Radical spaces – Part II

Randstad

Radical Spaces is a one-year research project (2021), designed to collect, catalogue and compare a range of socio-ecological support systems in the Randstad.

This practice-based research explores and represents urban and peri-urban green structures as main elements of urban spatial quality, shaping a typology of interactions between the built and the unbuilt. The project’s outcome is the development of an atlas synthesizing the conducted research on existing and potential green spaces with a historic, spatial and cultural meaning. The atlas serves as our research and design tool, opening the question of urban liveability and preservation of contested open space in light of extreme urbanization trends.

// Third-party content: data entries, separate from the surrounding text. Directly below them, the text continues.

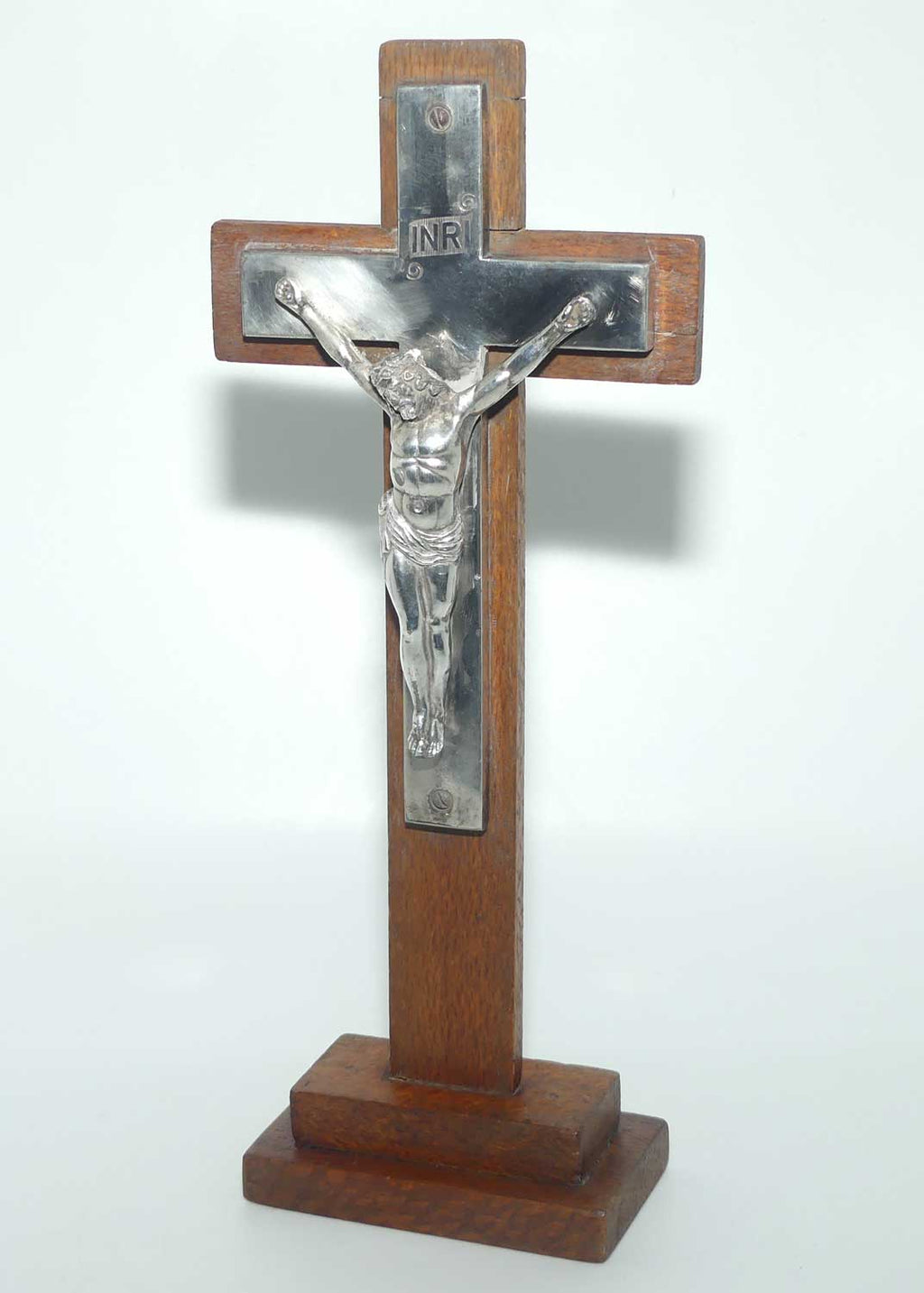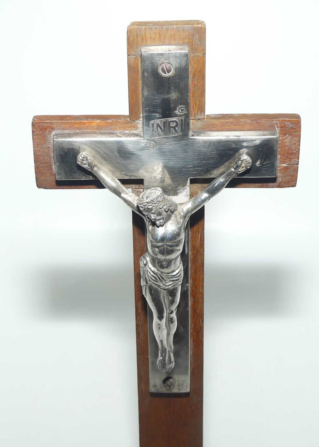 There is slight age shrinkage to the underlying Silky Oak crucifix - but the item is original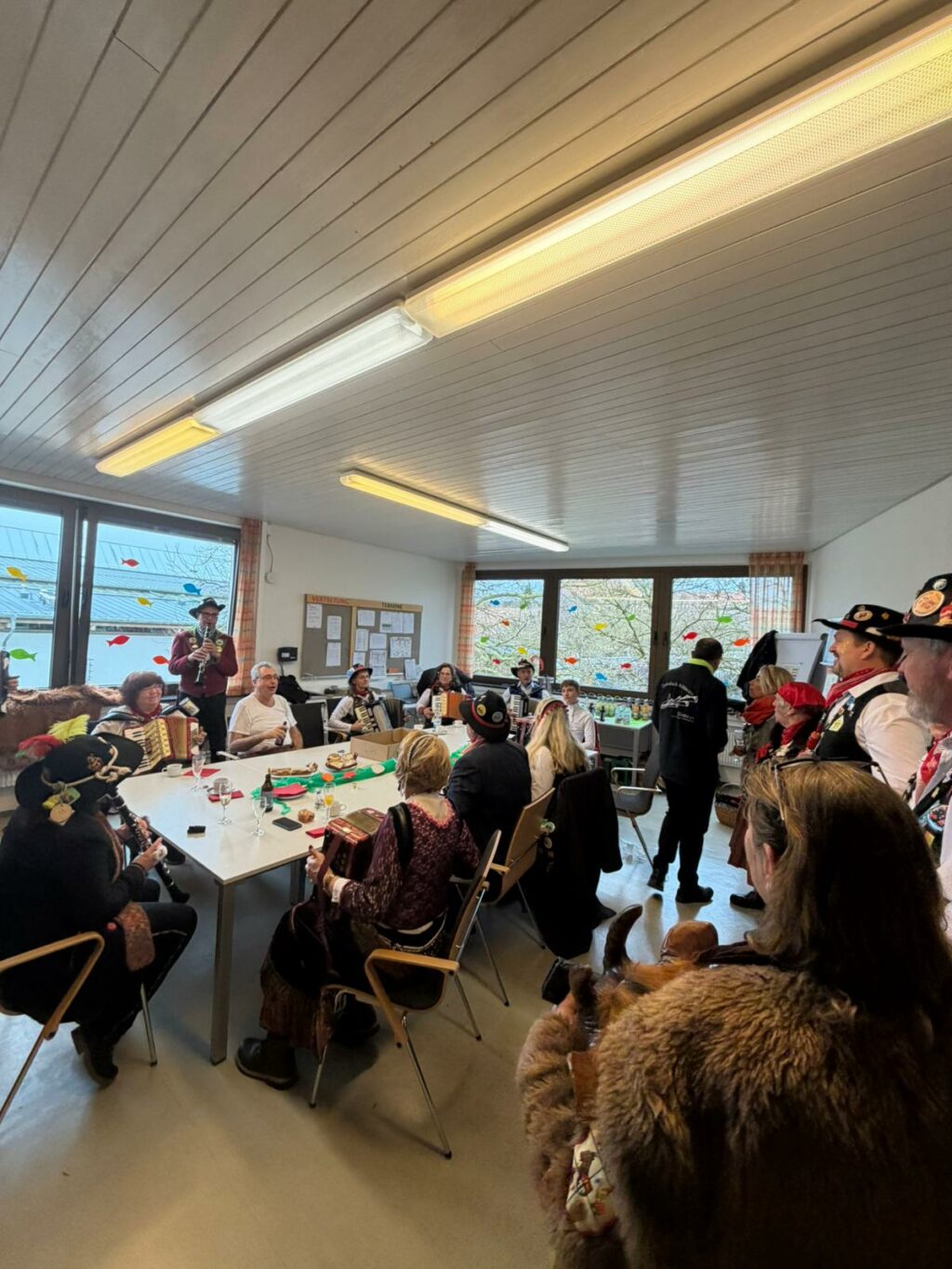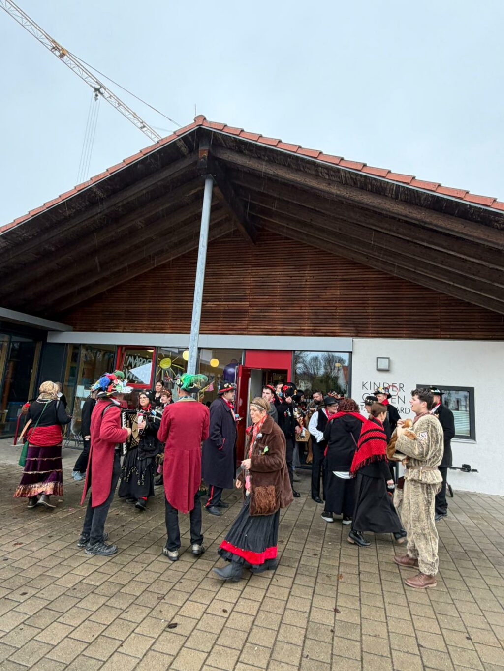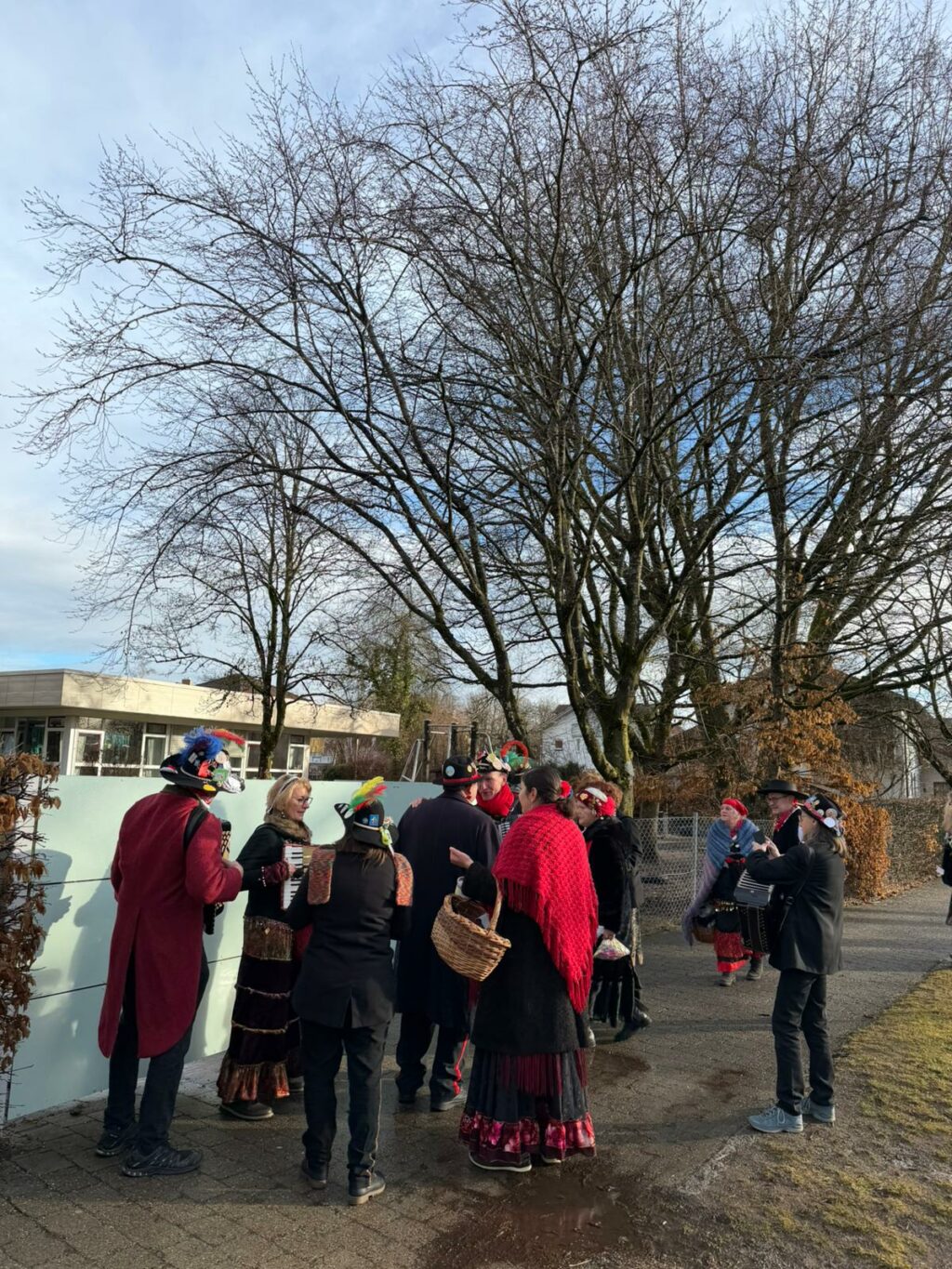 Zuvor hatten die Mitglieder der Narrengilde Reute bereits der Raiffeisenbank einen Besuch abgestattet, bevor es weiter zur Schule und anschließend in die beiden Kindergärten ging. Die Narrengilde hatte es sich zur Aufgabe gemacht, die Kinder vom Unterricht zu befreien. Mit lautem Getöse und fröhlicher Schnurrermusik zog die Zigeunergruppe mit den Scherenschleifern durch die Klassenzimmer. Unterstützt wurden sie dabei von einigen Maskenträgern der Narrengilde.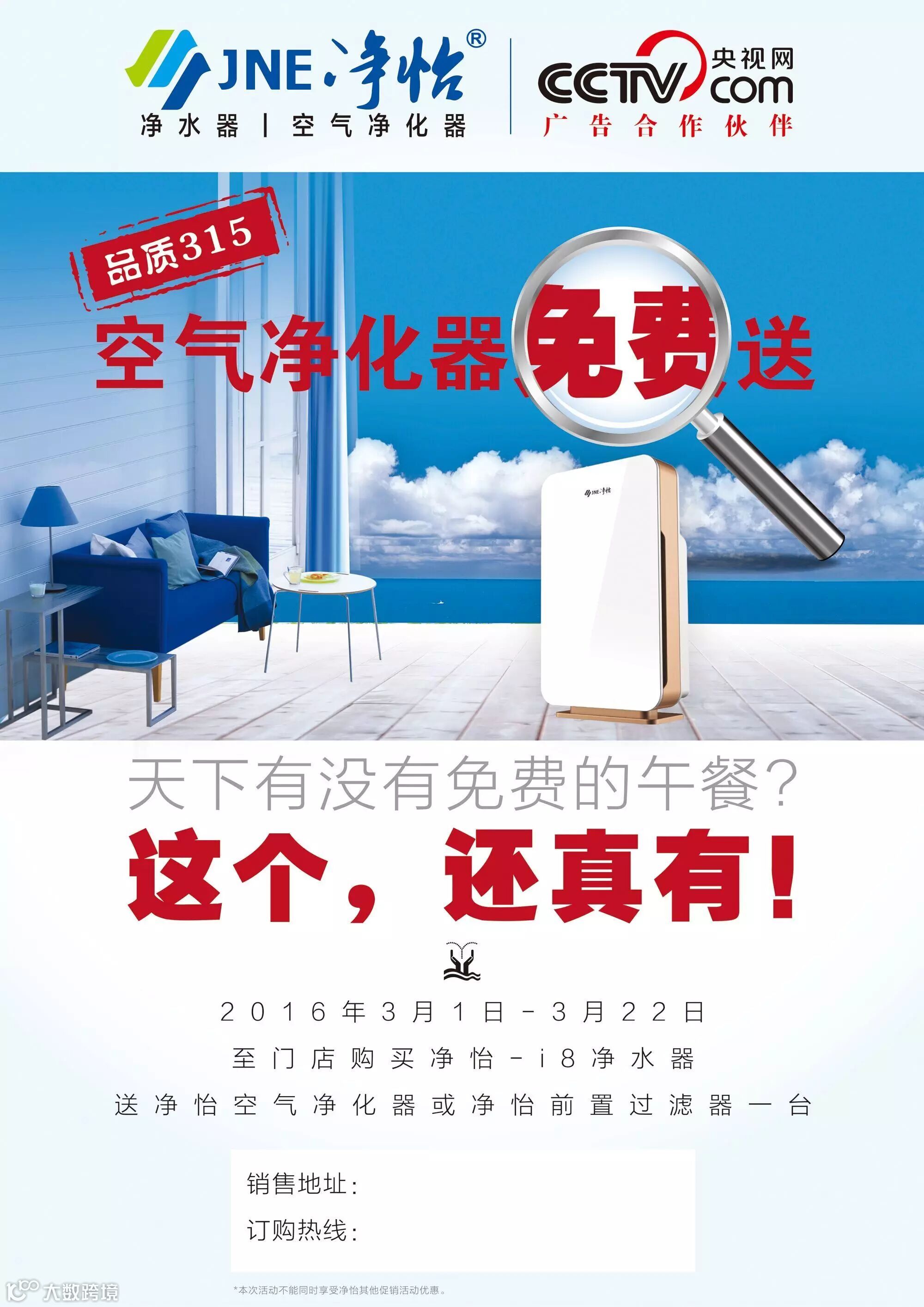 净怡净水器开年大促销,买一送一,全国500城20000台空气净化器5000万豪华大礼疯狂送!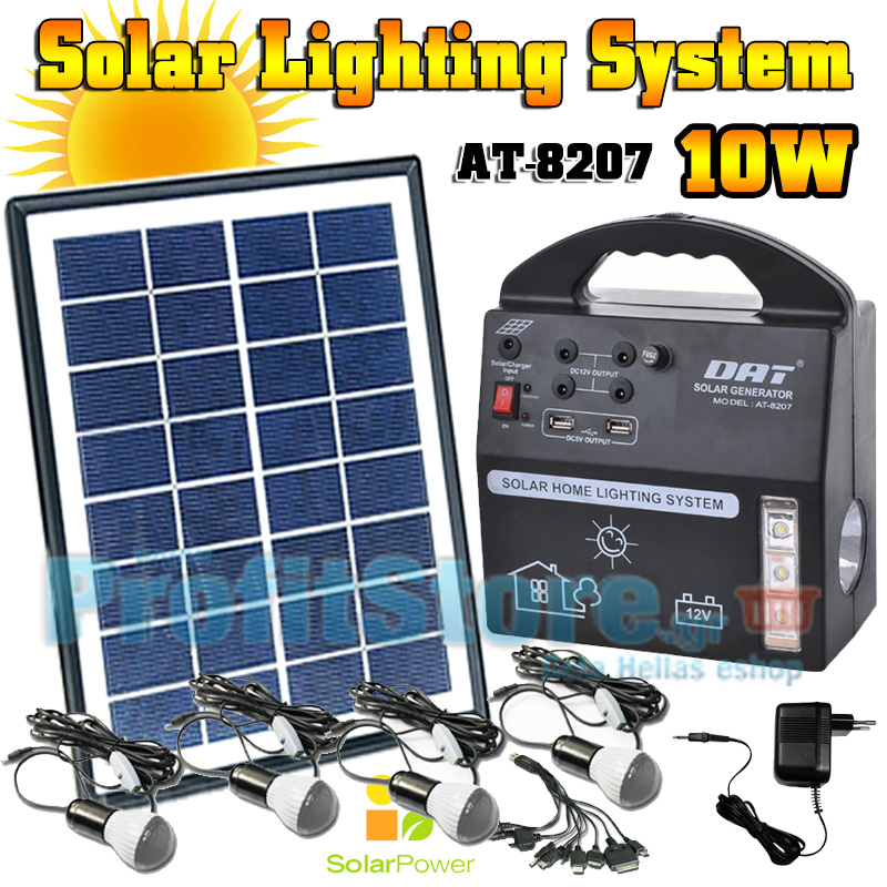 Πλήρες ηλιακό πακέτο φωτισμού με ισχυρό ηλιακό panel 10 Watt, βαλιτσάκι με ενσωματωμένη μπαταρία 7,0Ah που διαθέτει ισχυρό φακό και φωτιστικό LED, 2 θύρες usb 1Α για φόρτιση συσκευών, 4 λάμπες led 5 Watt - 120 Lumens και πλεξούδα usb με αντάπτορες για φόρτιση διαφορετικών συσκευών και κινητών τηλεφώνων.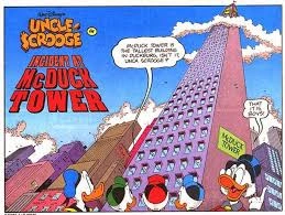McDuck Tower is the tallest tower in Duckburg. It is located downtown somewhere near the statue of Cornelius Coot. The building consists mostly of offices and apartments with residences. On top of the tower, there is a large clock with the words "McD" spelled on the back, referring to "McDuck". It was built by Scrooge McDuck, originally to be three stories tall but then greatly extended due to the price of the building materials. Most of it is unknown due to it.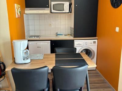 D'une superficie de 28 m², le logement se compose d'un coin cuisine équipé avec plaques de cuisson, micro-ondes, réfrigérateur top, lave-linge, cafetière et bouilloire. Le salon comprend une table pour les repas, un fauteuil et une télévision. Le coin nuit est aménagé avec un lit double en 140 cm. Le balcon permet de profiter de l'extérieur avec une table et des chaises.

Apart from maps and diagrams, the team used aerial pictures as a tool of diachronic reading of urban and peri-urban green structures in the Randstad. With an eye on the past, present and future, Radical Spaces offers a radical reframing of how fundamental and less obvious green structures are perceived and valued, while stimulating new experiments and design processes and adding to the body of knowledge on unbuilt space and green.

The documentation of classic types of parks and metropolitan landscapes, in combination with research on cultivated peripheries and fantastic accidents, lays the foundation for identifying the next generation of metropolitan parks. In light of extreme urbanization and densification trends, there is a high possibility for what appears today as contested unbuilt space to emerge into a new type of enclosed gardens, capable of guiding the quality of future urban developments.